Este relato está inspirado en Relatos Inquietantes: la señorita Cristina de nuestro amigo trazada30. Vaya el homenaje merecido.

Tras el mostrador era invisible. Quiero decir, todos la veíamos, pero en realidad nadie reparaba en ella. No era fea. Su cabellera negra y lacia era larga y abundante, pero ella siempre la recogía en un moño. Las enormes gafas claras ocultaban la mitad de su rostro. Traje chaqueta oscuro, maquillaje discreto, las uñas sin esmalte y los zapatos de tacón bajo. Aquella distancia cortés, que desplegaba a diario, estaba acentuada por un aire ausente. Estaba, pero a la vez no estaba, en esta realidad. Y sin embargo…
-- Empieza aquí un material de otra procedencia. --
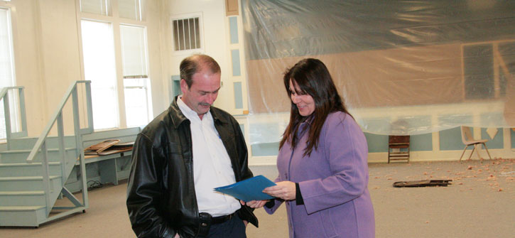 Pictured top: District 5 Escambia County Commissioner Kevin White and Escambia County Tax Collector Janet Holley discuss potential plans for the old Molino School in the auditorium of the facility back in February. Pictured bottom inset: This end of the old school will be converted into a library. NorthEscambia.com file photos, click to enlarge.
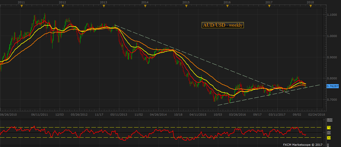 Technically speaking, the chart clearly shows that the Australian dollar, which has been in a downtrend since 2013, has already broken above the downtrend line in February this year. In September this year, Aussie reached a high of 0.806, which was the highest level of the currency since May 2015. It has undergone a correction since but now hovering very close to the rising uptrend line.
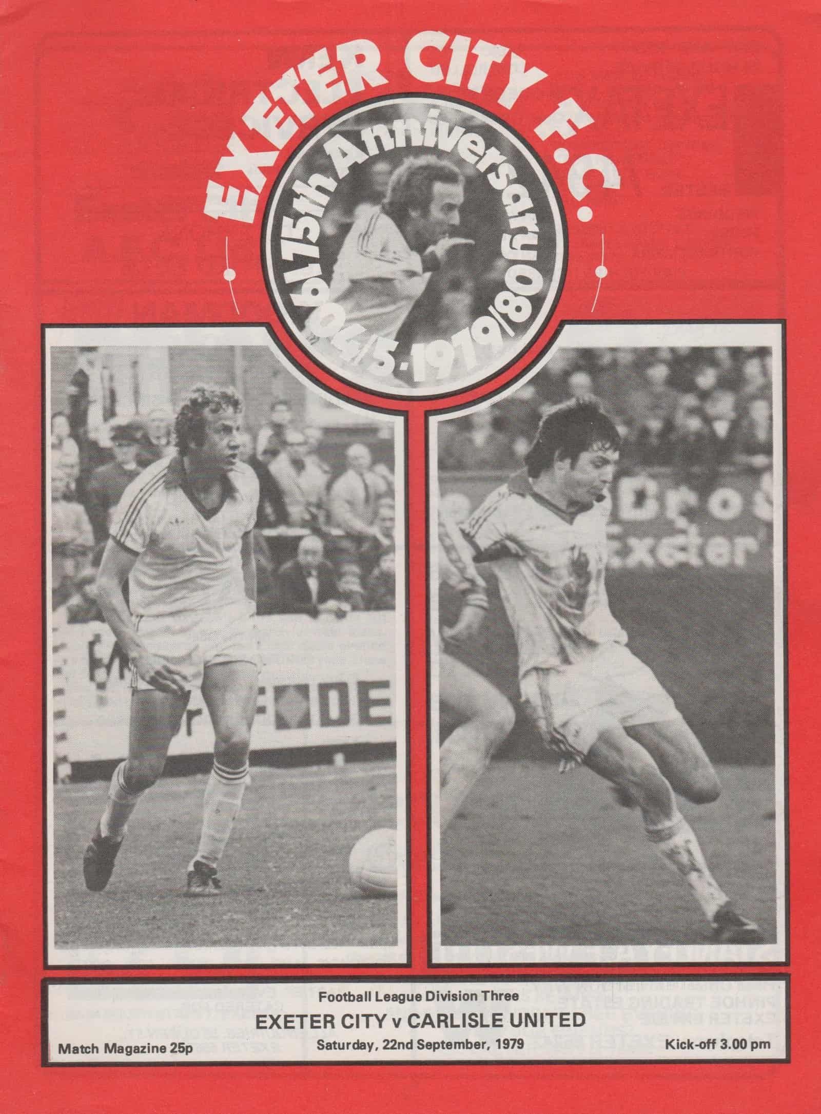 Match: Exeter City v Carlisle United Competition: League Division 3 Date: 22-Sep-1979 Comments: Rating: 4 Condition: Very good Weight in grams: 60
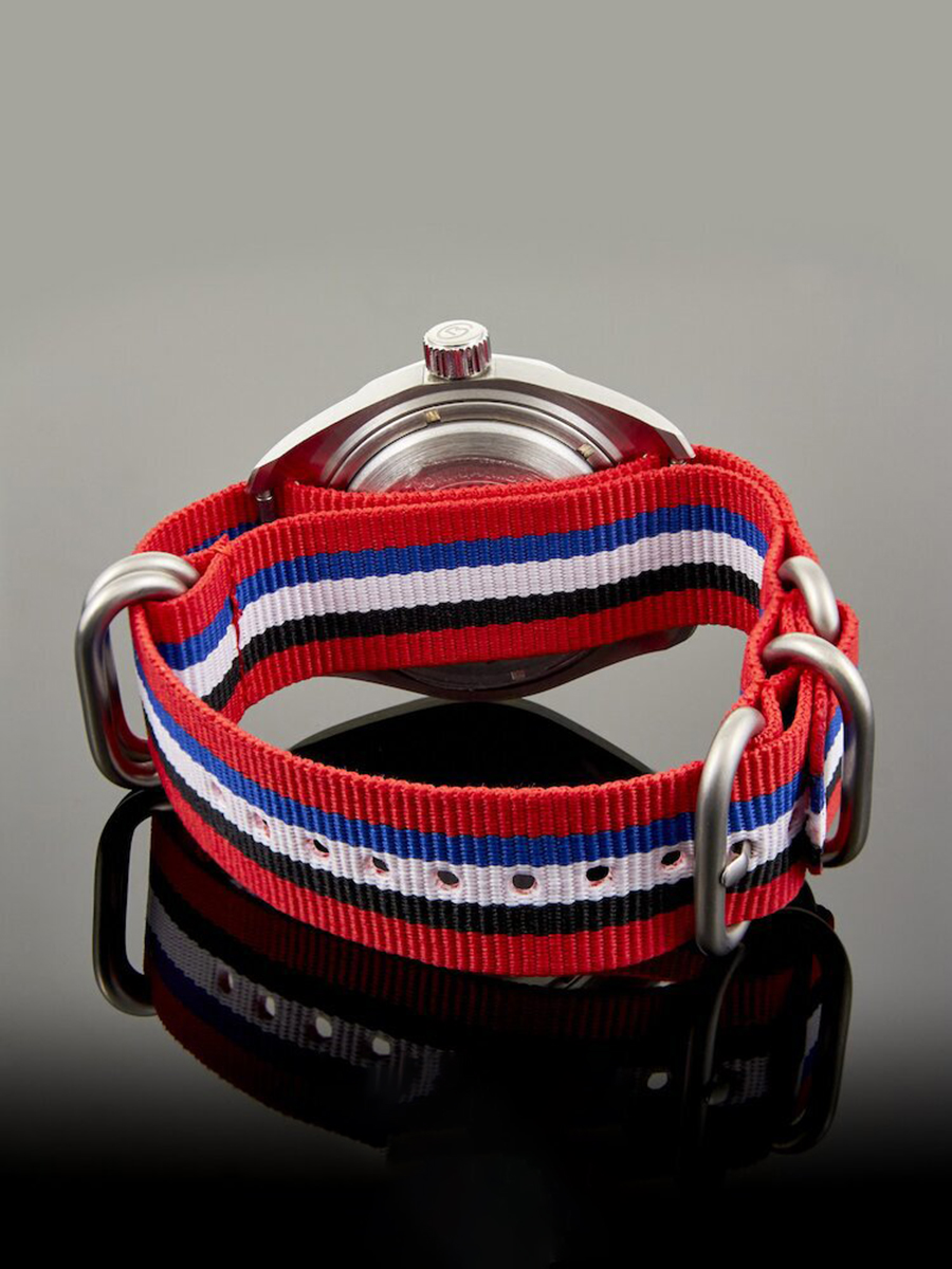 Мужские наручные часы Восток Командирские 03098А. Механические с ручным подзаводом. Текстильный ремешок. Ударопрочная конструкция часов защищает от ударов и вибрации. Браслет из нержавеющей стали. Органическое стекло. Часы являются водонепроницаемыми до 20 Бар. Цвет циферблата: Черный. Цвет корпуса: Белый. На стрелки и отметки нанесен светонакопительный состав, благодаря этому считывать информацию с циферблата возможно и в темноте. Высота (с ушками): 49 мм. Толщина: 15 мм. Гарантия: 1 год.
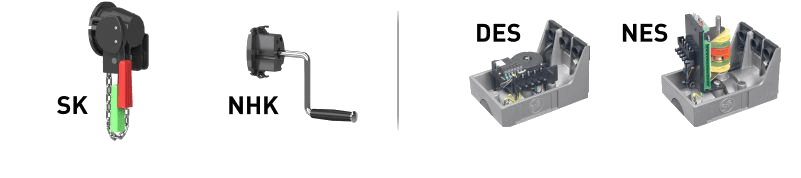 SI-ELEKTROMATEN, Drive for non-balanced doors which require an anti-fallback device, the patented safety brake is built into the gear, output torque 500Nm, output speed 10 rpm, hollow-shaft-Ø 40mm, supply voltage 3~230V/400V, with emergency hand crank for manual operation, digital limit switch DES, limit switch range E=20 revolutions max.
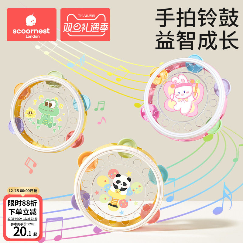 儿童玩具手拍鼓婴儿打击乐器宝宝铃鼓益智早教6个月以上手摇铃1岁
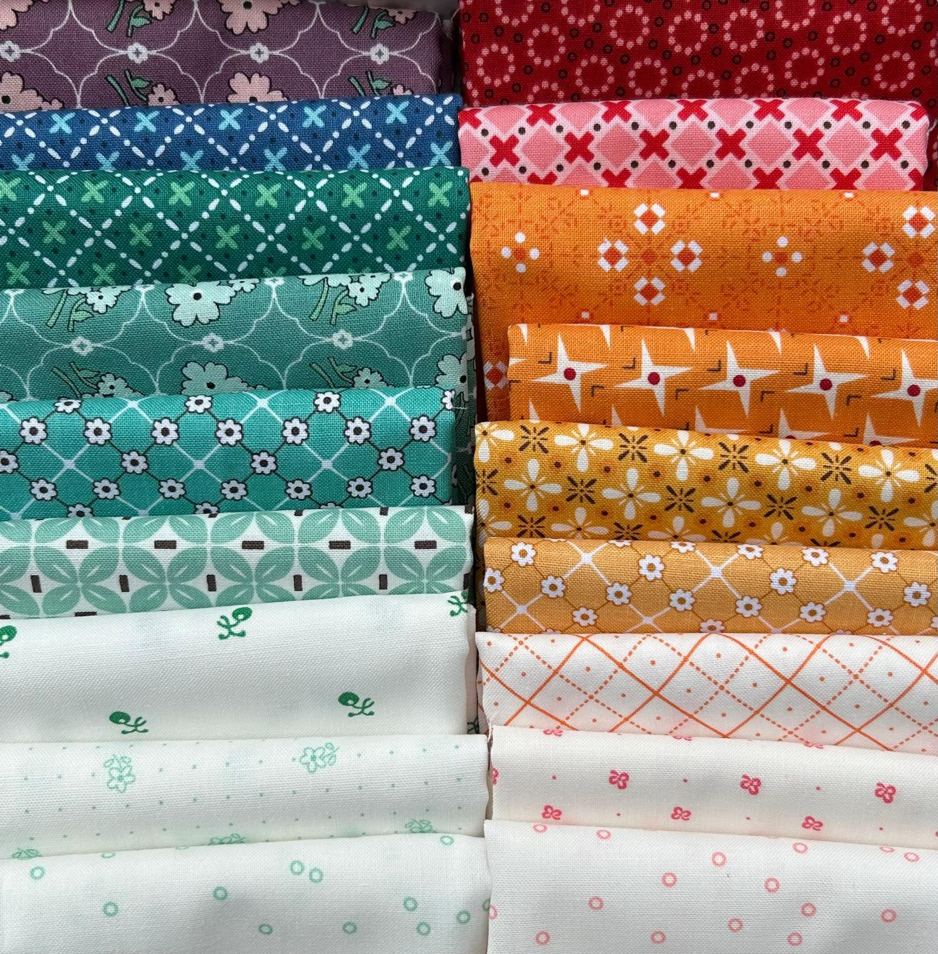 In deze cadeaudoos zitten 18 verschillende Lori Holt stoffen, met elk een afmeting van 25x55 cm.

Sin embargo, y a pesar suyo, un aura de sensualidad incontenible la rodeaba. Una suavidad femenina, elegante, silenciosa. Algo había de furtivo, de escondido, en sus pasos. Una sensación elusiva, una esencia imposible de capturar, de retener, una cualidad fluida, acuosa, líquida. Sin enterarse ella, resultaba deseable, misteriosa, fascinante. Pero estaba tan lejos que desalentaba con delicadeza cualquier acercamiento.

La conocí en primer año, como todos, pero a diferencia de los demás no intenté insinuarme. Cosa rara: nadie recordaba su nombre. En algún lugar debía de haber una tarjeta marcadora con su nombre, pero nadie sabía cuál era. A cada persona a la que pregunté, le sobrevino el mismo estupor. Sí, claro, la bibliotecaria… pero nadie recordaba cómo se llamaba. Tenía años de trabajar en el mismo sitio… ¿edad? Tampoco la sabían. Parecía intemporal, inmune al tiempo, a las telarañas y al polvo de la biblioteca, a la monotonía de los días, uno tras otro, a la sucia rutina…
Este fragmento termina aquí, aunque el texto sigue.